Hi Michael,
I too am concerned with XP but not for the DoS reason (Linux already has
this loop hole), I am more concerned with the pricing model MS is trying.
The thought of paying a monthly subscription to MS gives me the
Hebegebees... Maybe the good Dr. could come up with an OS under his sleeve.
As you stated, ZoneAlarm is a very good fire wall, but that is only if you
aren't going to expose any ports to the web, like 80 for a web server.

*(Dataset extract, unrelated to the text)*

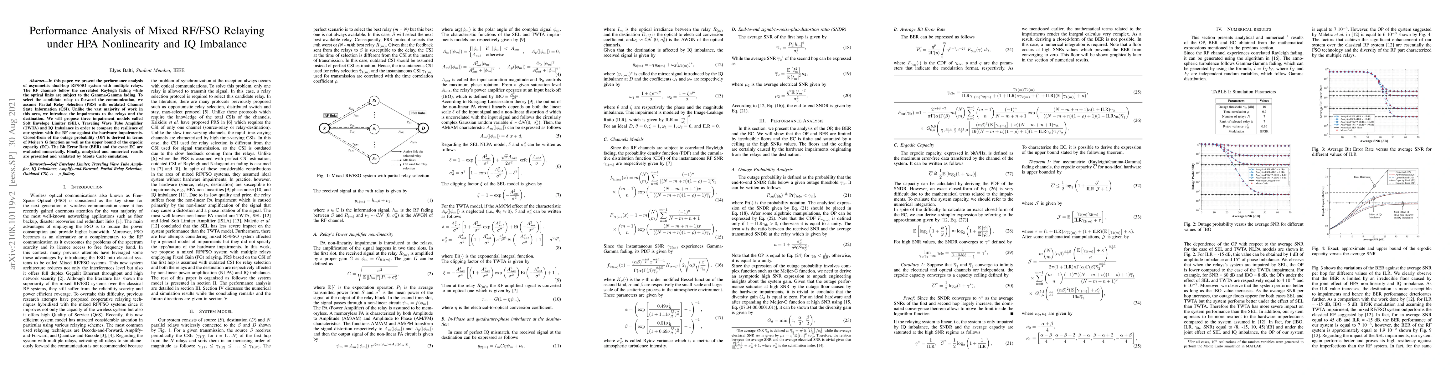 This paper analyzes the performance of an asymmetric dual-hop RF/FSO relaying system under hardware impairments, including HPA nonlinearity and IQ imbalance. It derives closed-form outage probability and upper bound of ergodic capacity, evaluates BER, and validates results via Monte Carlo simulation.

The reason IIS gets picked on is because of MS and its wide use. After One
of my sites got defaced by a China hacker several months ago, I have been on
a quest for security knowledge. What I found is that it is very easy to
secure IIS if you follow the check lists that Microsoft provides and keep up
to date with the security patches (which are free).
This link is for IIS 4.0 check list, but you can learn allot about security
setting for Windows NT from it.
http://www.microsoft.com/technet/treeview/default.asp?url=/technet/security/
iischk.asp
the biggest surprised to me when I started was the fact that, through a
simple URL Call from a Browser you could execute the CMD.EXE and wreak havoc
on the system. (That is how, the hacker defaced one of my sites). by
moving a securing this little file, I found you will stop over 90% of
hackers (script kiddies) on the web site.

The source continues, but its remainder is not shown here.